Forum: Ruby Complex CSV parsing

Announcement (2017-05-07): www.ruby-forum.com is now read-only since I unfortunately do not have the time to support and maintain the forum any more. Please see rubyonrails.org/community and ruby-lang.org/en/community for other Rails- und Ruby-related community platforms.
Stuart C. (Guest)
on 2009-01-13 15:43
I am trying to parse data from a file where the values are common
seperated, however there is slightly more to the file than just commas,
see below

for
(;;);{"t":"msg","c":"p_114000000","ms":[{"type":"msg","msg":{"text":"you
around"}]}

From reading around fasterCSV seems the way forward therefore I have
this code

require 'rubygems'
require 'faster_csv'

 FasterCSV.foreach("C:\\Documents and
Settings\\sjc\\Desktop\\p_1149549999=2[1].txt", :row_sep => ",") do
|row|
   puts row[0]
   break
end

However I am getting an error like this

C:/Program
Files/ruby/lib/ruby/gems/1.8/gems/fastercsv-1.4.0/lib/faster_csv.rb:1
650:in `shift': Illegal quoting on line 1.
(FasterCSV::MalformedCSVError)
        from C:/Program
Files/ruby/lib/ruby/gems/1.8/gems/fastercsv-1.4.0/lib/fa
ster_csv.rb:1568:in `loop'
        from C:/Program
Files/ruby/lib/ruby/gems/1.8/gems/fastercsv-1.4.0/lib/fa
ster_csv.rb:1568:in `shift'
        from C:/Program
Files/ruby/lib/ruby/gems/1.8/gems/fastercsv-1.4.0/lib/fa
ster_csv.rb:1513:in `each'
        from C:/Program
Files/ruby/lib/ruby/gems/1.8/gems/fastercsv-1.4.0/lib/fa
ster_csv.rb:1017:in `foreach'
        from C:/Program
Files/ruby/lib/ruby/gems/1.8/gems/fastercsv-1.4.0/lib/fa
ster_csv.rb:1191:in `open'
        from C:/Program
Files/ruby/lib/ruby/gems/1.8/gems/fastercsv-1.4.0/lib/fa
ster_csv.rb:1016:in `foreach'
        from C:/Documents and Settings/sjc/Desktop/test.rb:4

Can anyone help me out with this?

Many thanks
Brian C. (Guest)
on 2009-01-13 16:10
Stuart C. wrote:
> I am trying to parse data from a file where the values are common
> seperated, however there is slightly more to the file than just commas,
> see below
>
> for
> (;;);{"t":"msg","c":"p_114000000","ms":[{"type":"msg","msg":{"text":"you
> around"}]}

That is not valid CSV, so FasterCSV won't help you.

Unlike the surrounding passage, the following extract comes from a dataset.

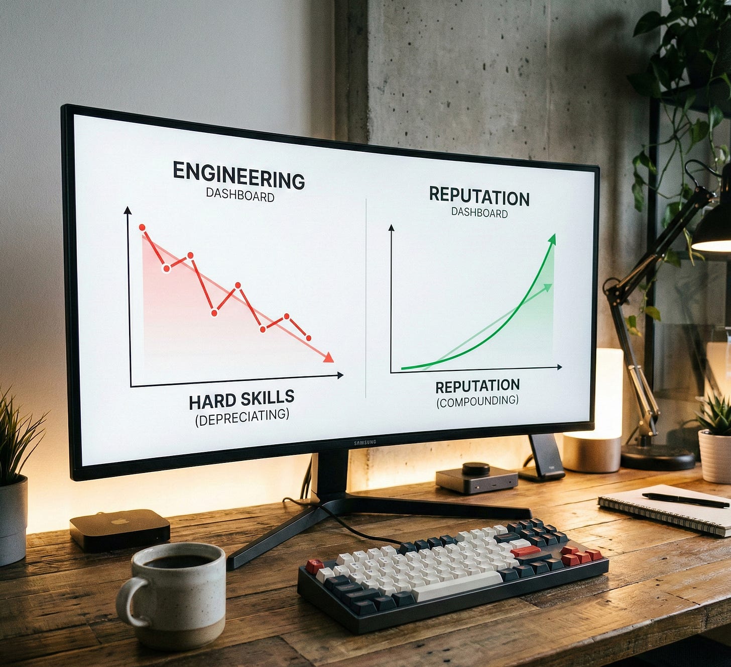 Reputation is the only career asset that enjoys compound interest. It travels with you. It doesnât care if React gets replaced by Svelte. It doesnât care if the economy crashes. If 500 people know you are smart and reliable, you will never be unemployed.

I think you'll need to describe more carefully how you want this input
line broken up, and give some more examples.

It looks to me like a nested structure. If every line has exactly the
same set of fields you may get away with a regexp. But if not, you may
have to write a full-blown parser for this language.

However, this may be sufficiently close to JSON that you could use an
existing JSON parser. http://www.json.org/

(But in that case, I don't know what the "for(;;);" is doing on the
front)
Mark T. (Guest)
on 2009-01-13 16:36
(Received via mailing list)
On Jan 13, 8:42 am, Stuart C. <removed_email_address@domain.invalid> wrote:
> I am trying to parse data from a file where the values are common
> seperated, however there is slightly more to the file than just commas,
> see below
>
> for
> (;;);{"t":"msg","c":"p_114000000","ms":[{"type":"msg","msg":{"text":"you
> around"}]}

That's not a CSV file. It looks like some sort of serialized data
structure. If you know how it was serialized, you should be able to
easily restore the structure.

If not, you can use Treetop to specify the grammar including the
balanced delimiters {}, (), and [], which apparently take precedence
over the commas, and perform the parsing.
Ollivier R. (Guest)
on 2009-01-14 14:35
(Received via mailing list)
In article <removed_email_address@domain.invalid>,
Stuart C.  <removed_email_address@domain.invalid> wrote:
>I am trying to parse data from a file where the values are common
>seperated, however there is slightly more to the file than just commas,
>see below
>
>for
>(;;);{"t":"msg","c":"p_114000000","ms":[{"type":"msg","msg":{"text":"you
>around"}]}

It looks more JSON than CSV, try using a JSON parser instead.
This topic is locked and can not be replied to.